Critical free OS memory level

Hello all,
As a relatively new user I have been trying to educate myself regarding the finer points of Hub management. I understand that some users have experienced some progressive slow downs secondary to free memory leaks over time. I, of course, understand that the solution is to identify and resolve the source of the leaks. However, I see that some users have dealt with these slow downs by periodic reboots. Given that I am not always available to immediately diagnose and fix the source of potential memory leaks due to work obligations, I thought that a potential temporary “bandaid” solution would be to poll my hub status with something like Hub Information Driver and then to use an attribute (such as free memory, CPU% or some other parameter) to trigger a reboot automatically once a certain minimum threshold has been breached.

Although I have been lucky so far to have not experienced significant slowdowns, I have noticed that as more and more devices and applications (particularly 3rd party apps) are loaded, that sometimes lighting in response to motion detection may begin to slightly lag. Whenever this has happened (thankfully quite infrequent), and I did not have time to track down the source, i have successfully temporarily performed a “quick fix” by rebooting. I understand I could perform regularly scheduled reboots but wish to only perform reboots if actually needed, thus my thought to tie reboots with free memory or some other parameter. I could then determine (by the frequency of notifications of automatic reboots) whether any memory leak is present, which would require more extensive diagnostic tests. My hope is that I can do this in the background without the family ever noticing a prolonged period of slowdown, thus improving the WAF.

My question is: Is there a particular parameter (and threshold for this parameter) that can be used to preempt a slowdown, such as free OS memory level or CPU% and what levels would you set to automatically trigger a reboot (250,000; 200,000KB; other)?

Again, I realize that the true solution is to fix any “leaks” but I’m looking for a minimal effort way to keep the family happy until a more proper diagnosis and fix can be performed at a more convenient time. Thanks to all in advance for your experience and advice.

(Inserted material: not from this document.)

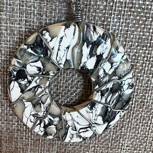 Handmade Polymer Clay Statement Necklace and Earring Set Black White Silver Tone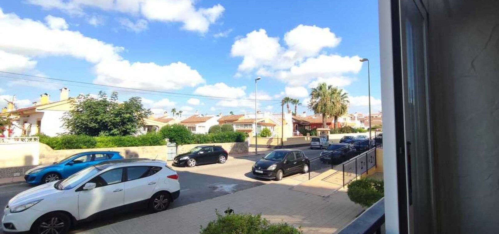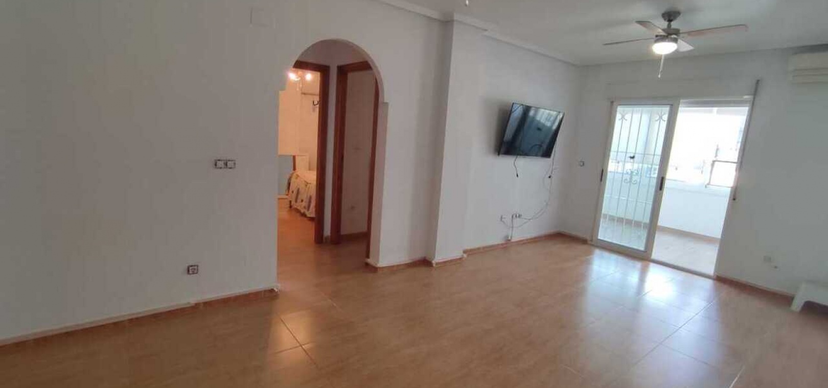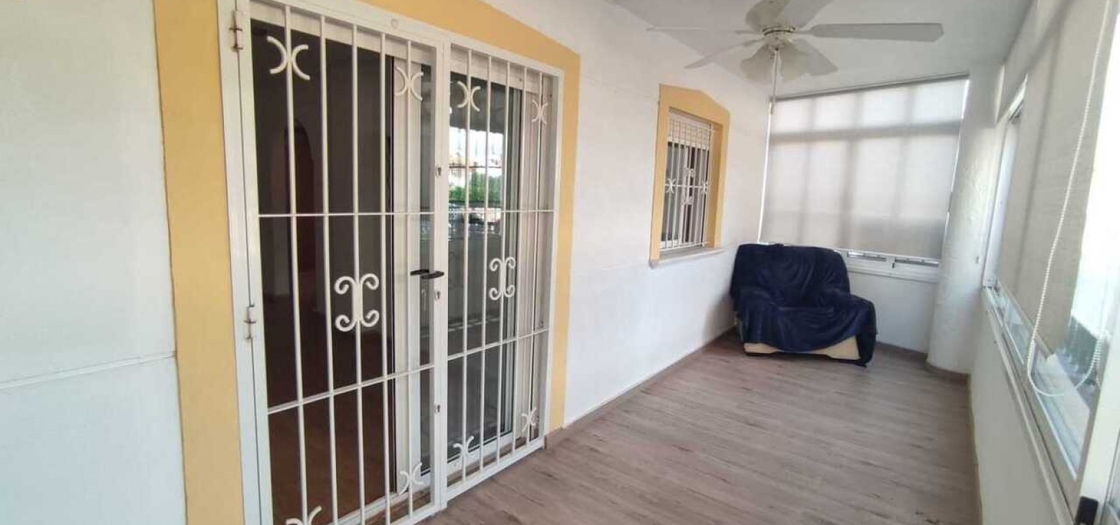 Fastigheten har ett vardagsrum och matplats i öppen planlösning, ett fullt utrustat kök med gott om förvaring och ett separat badrum, två dubbelrum och ett enkelrum, alla med inbyggda garderober. Badrummet är rymligt och har en modern duschkabin. Ytterligare bekvämligheter inkluderar luftkonditionering, takfläktar och ett ljust vardagsrum som öppnar upp mot en inglasad balkong – perfekt för användning både sommar och vinter.

For simplicity I would setup regular reboots and send notifications based on something like memory. The reboots should help to reduce the likelihood of an issue but provide you an opportunity to still respond to circumstances if they come up.

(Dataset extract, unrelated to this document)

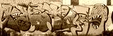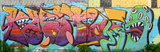 Abstract colorful fragment of graffiti paintings on old brick wall with scary octopus face. Street art composition with parts of unwritten letters and cartoon character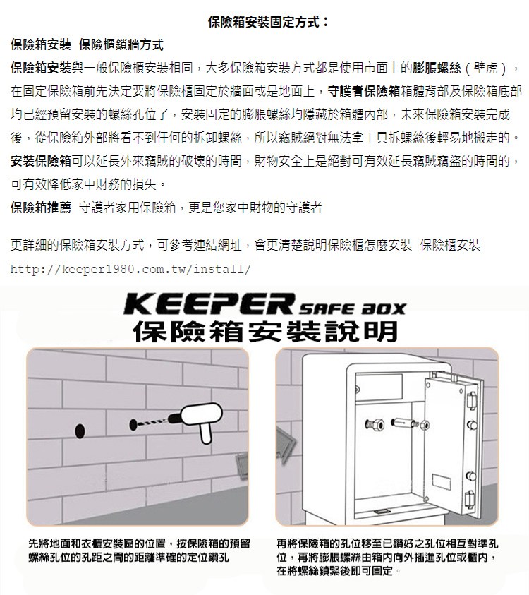 KEEPER SAFE BOX 守護者保險箱 雙鑰匙款保險箱 防盜三門栓/雙層大空間 50EAK 500 x 350 x 300mm 黑色

Another thing to consider would be a second hub. Things like lighting need to be snappy because the user experiences it (or wants to) immediately. Other apps and integrations that may affect this can be moved onto a second hub, freeing up resources for the lighting. That said, it may not always be that simple, but I think it can definitely help.

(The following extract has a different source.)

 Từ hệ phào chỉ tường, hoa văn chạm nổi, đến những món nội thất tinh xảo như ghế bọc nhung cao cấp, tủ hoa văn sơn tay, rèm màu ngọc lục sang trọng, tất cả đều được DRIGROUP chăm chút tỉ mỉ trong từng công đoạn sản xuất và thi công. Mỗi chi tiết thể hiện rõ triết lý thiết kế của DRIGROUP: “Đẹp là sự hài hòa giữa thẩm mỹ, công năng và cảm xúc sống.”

I have my C7 Production Hub monitoring alerts set at:

Max Temperature 140°F (60°C) - my normal avg is 102-104°F (39-40°C)
Max DB Size 80M - my normal (28-32M)
Min Free Mem 250000K - my normal 350000-420000K

High temperature is, for me, usually associated with continuously high CPU, (I may reach 139°F/59°C when I reboot.)

YMMV

Edit: With recent improvements in memory management I've lowered my memory alert to 150000K

3 Likes

I haven’t had to care about free memory since I threw my C4 stick into a C5. The C4 was not sufficient to run Hubitat - period. This may help you. I believe my threshold for alerting and forcing a reboot on my old C4 was if freemem was less than 110000. Here are my stats for the devices I am running now. Both C5’s but main is running the dongle from the C4. I have a C7 in a box that I don’t really need. I assume the downward spikes are reboots or outages?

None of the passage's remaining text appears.